母方の叔父の一周忌の法要に参列してきた。思い込みかもしれないが、お経と言えば「般若心経」というのが一般的な日本人かと思う。これまで数々の通夜、葬式、法要、法事に参列してきたが、読経を聞きながらそう言えば、「般若心経」を聞いたことがないことに気がついた(多分聞いたこともあるののだろうが記憶にはない)。父が他界した時に「般若心経」の岩波文庫版を読んだので今でもさわりぐらいは暗唱できる。「カンジーザイボーサツギョウジンハンニャ―ハラミタジー、ショウケンゴーオンカイクウドーイッサイクウヤク、シャーリーシー、・・・」という具合。多分宗派や読経の機会によってお経が異なるからだろう。
shingyou (2)

さてお経、内容と言うかそれがどのようなものか知らない人が多い、もしくはいい加減にしかしらないのに妙な主張をする人も少なくない。イスラム諸国はもちろんキリスト教諸国の人々も聖書がどのようなものかぐらいは知ってれるいると思われるが、一応仏教国といわれる日本では仏教経典を読んだことのある人が極めて少ないためだろう。

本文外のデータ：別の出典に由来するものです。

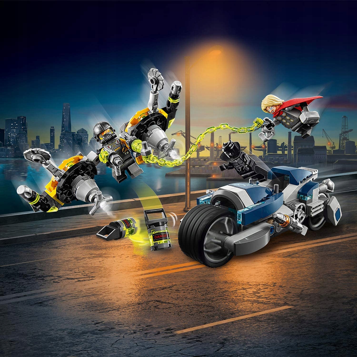 - Trzy nowe minifigurki — Czarna Pantera, Thor i agent AIM — imponujący motocykl Czarnej Pantery, szereg broni oraz dwa kanistry śmiercionośnej substancji — wszystko, czego potrzeba do niezapomnianych przygód!
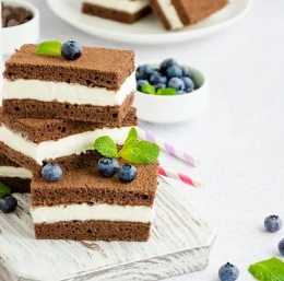 Narežemo na poljubno velike kose ter okrasimo s svežimi borovnicami ali kakšnim drugim sadjem in postrežemo.
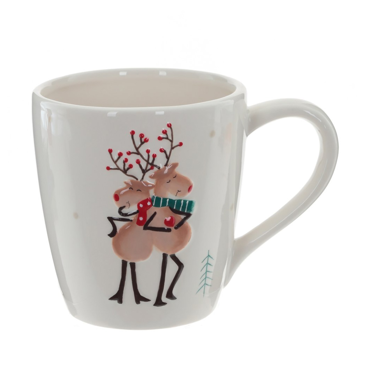 Керамическая кружка с новогодним декором в виде влюбленной пары оленей - это не только украшение праздничного стола, но и замечательный подарок для близких и друзей.
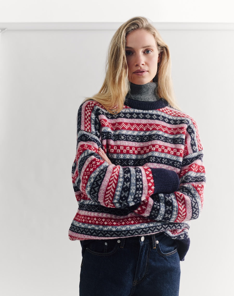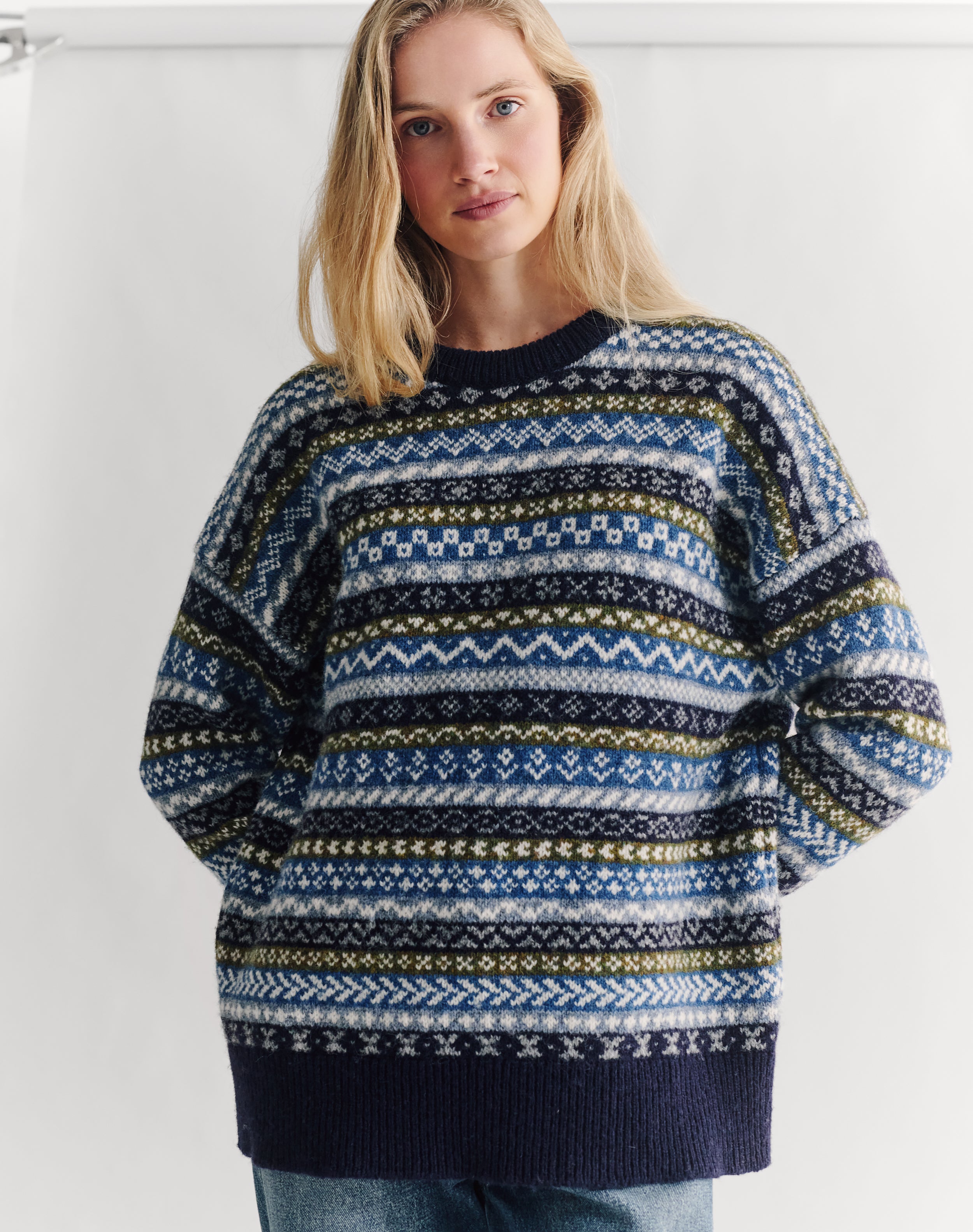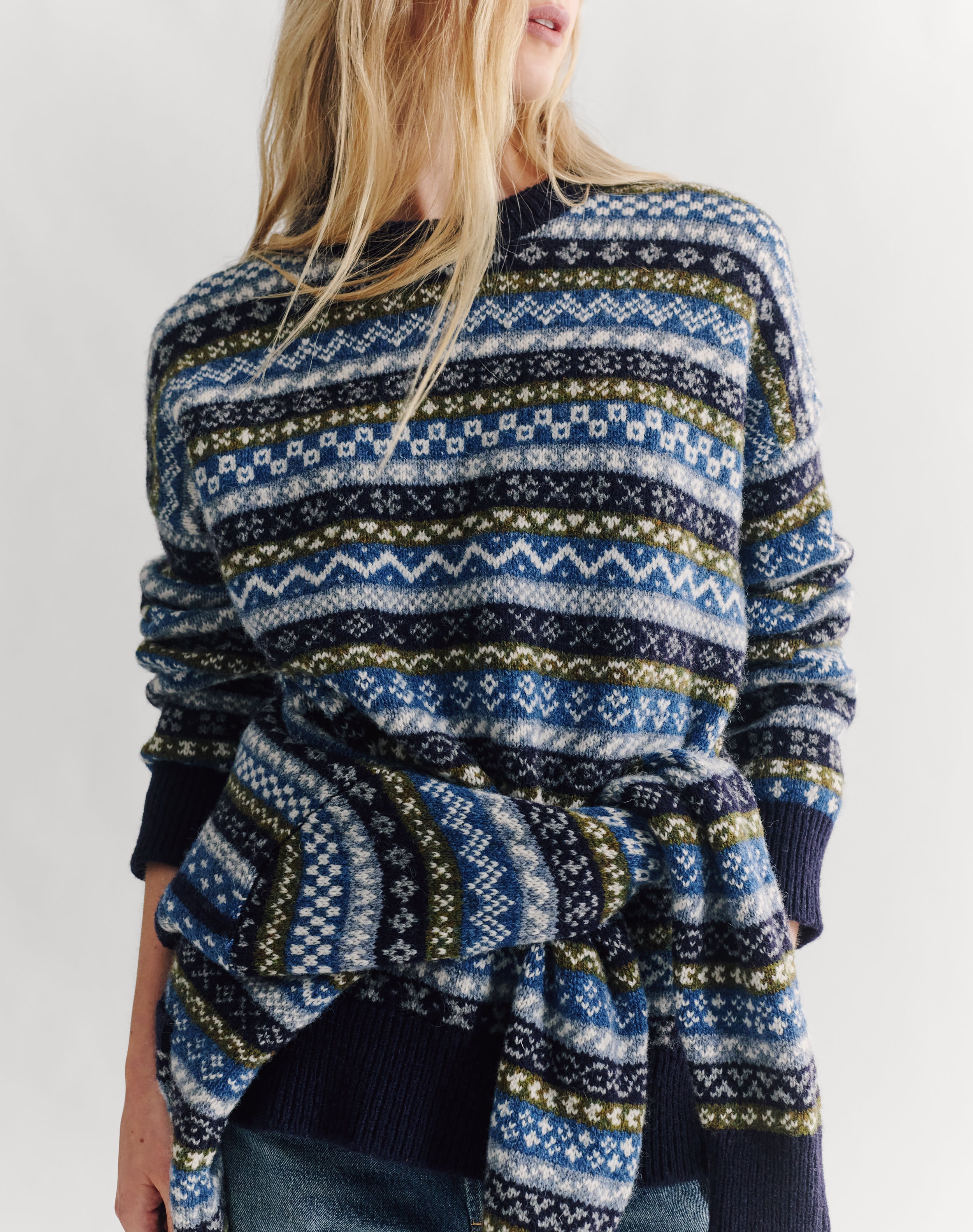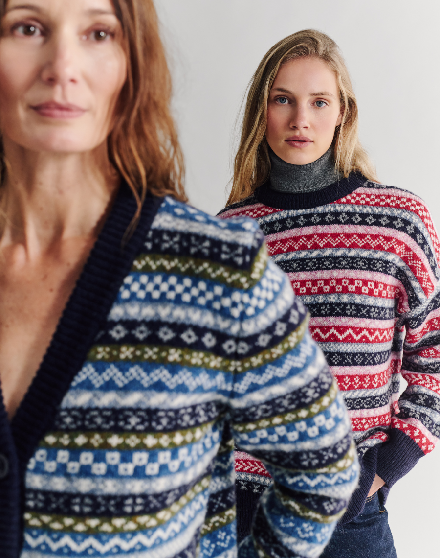 Evocative and magical. Skills passed down through generations. Introducing a true Fair Isle. Made with 100% Shetland Wool, sourced exclusively from Shetland. Designed on the Fair Isle in collaboration with textile designer and Fair Isle resident Marie.
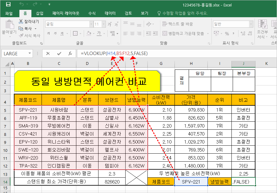 (6) 냉방능력 => 「H14」셀에서 선택한 제품코드에 대한 냉방능력을 구하시오(VLOOKUP 함수).
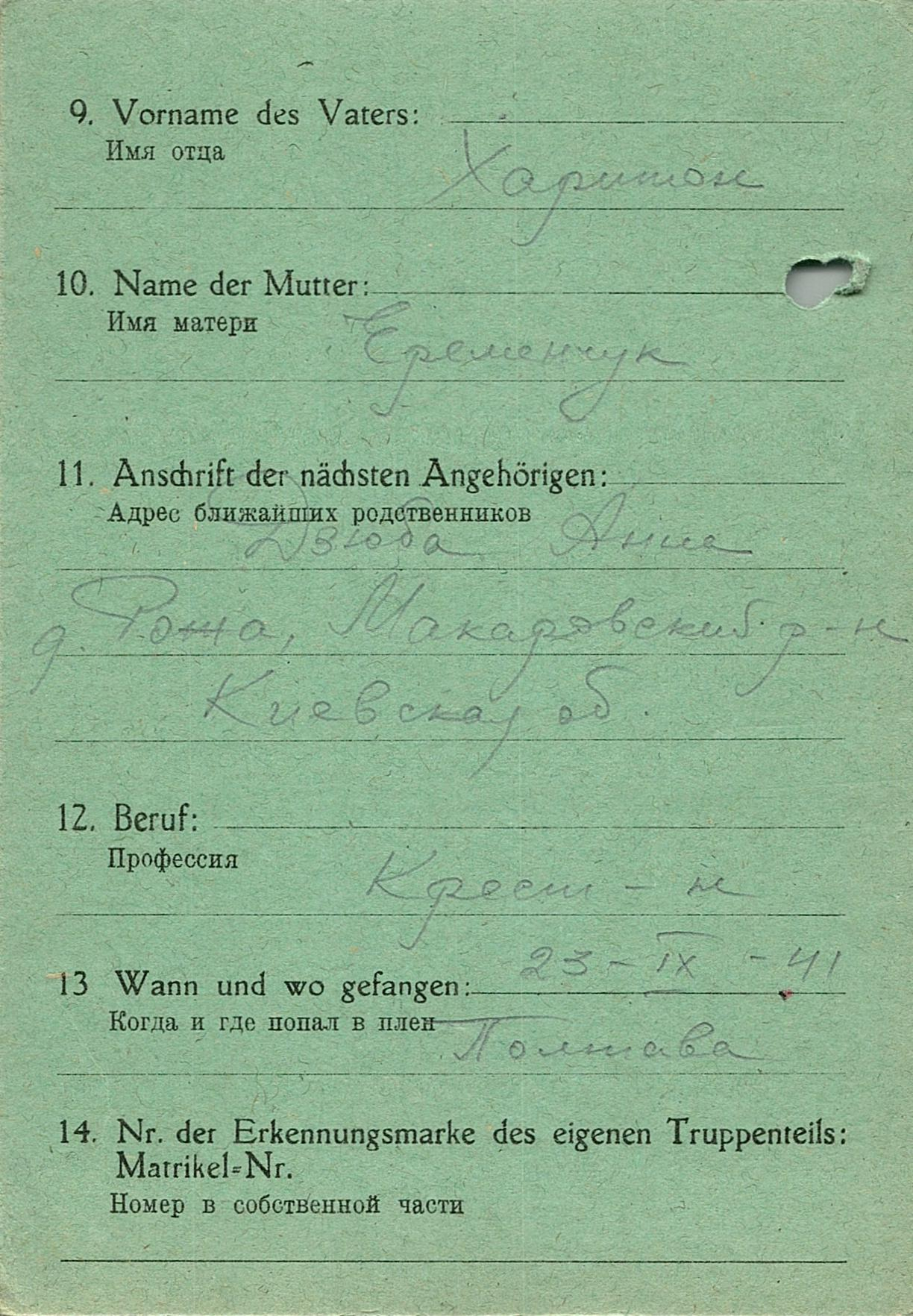 Военнопленные, трофейные карточки. Киевская обл.
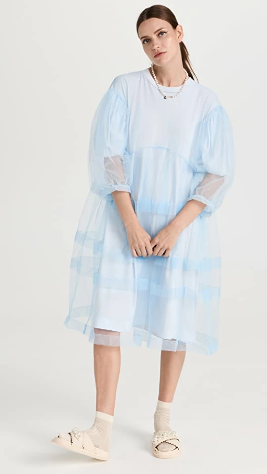 - Tiered tulle overlay with open back
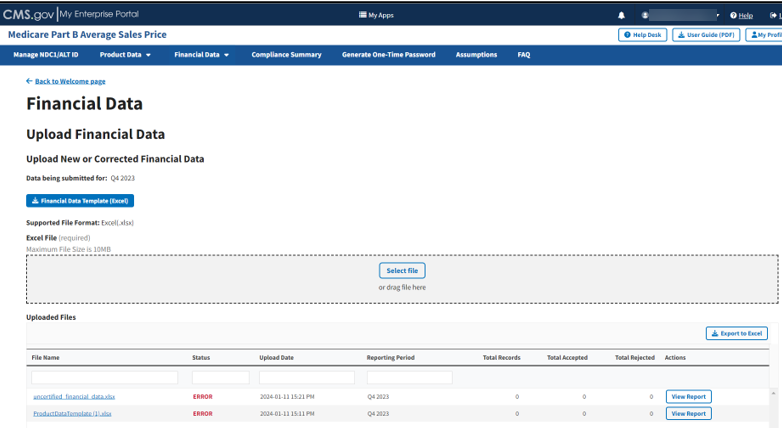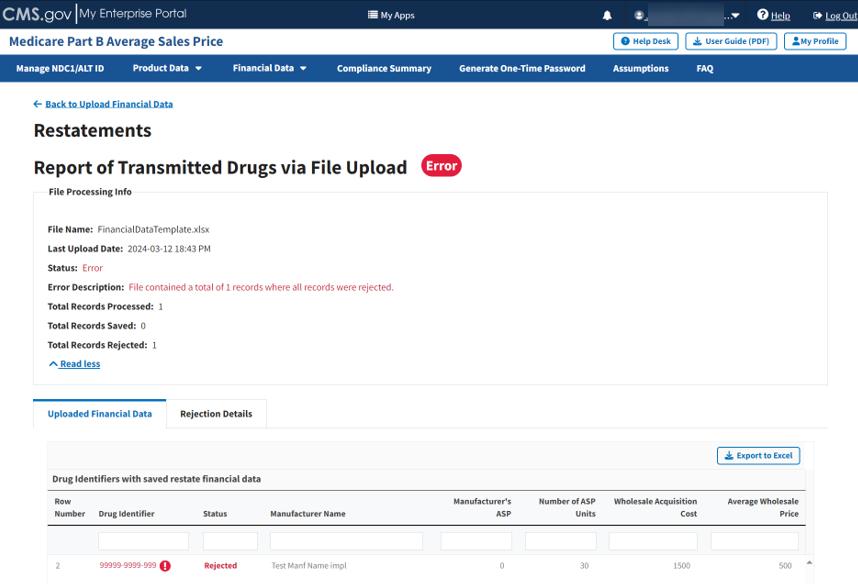 Figure 70: Upload Financial Data - Report of Transmitted Drugs via File Upload 50

「般若心経」の原文はサンスクリット語で書かれ、403年、亀茲国(新疆ウイグル自治区クチャ県)出身の西域僧鳩摩羅什によって最初に漢訳された(確か世界史で習ったよな)。その後、649年に三蔵法師玄奘によって漢訳されたとされるものが一般敵に流布している。「般若心経」という名は通称で、玄奘の訳は「般若波羅蜜多心経」。

まず設定。明確に書かれてはいないが、弟子である舎利子(シャリープトラ)への呼びかけが多用されていることから、ブッダによる弟子への教えの議事録のような体裁を取っている。ちょっと新約聖書のXXXX記に近いかもしれない。

次に記載だが、漢訳なので漢文を読める人なら読める。ただし、外来語であるサンスクリット固有の名詞はそのまま音を当てている。現代日本語のカタカナ語良ような感じ。妙な漢字の並びがそれなので、実は読み下しは意外に簡単。特に「阿耨多羅三藐三菩提(あのくたらさんみゃくさんぼだい)」という単語は他のお経でもよく出てくるので覚えておくと眠くならずに良い。

おまけで先にカタカナで記した暗唱できる部分を現代少女語軽薄体に意訳するとこんな感じになる。元の漢訳はこちら。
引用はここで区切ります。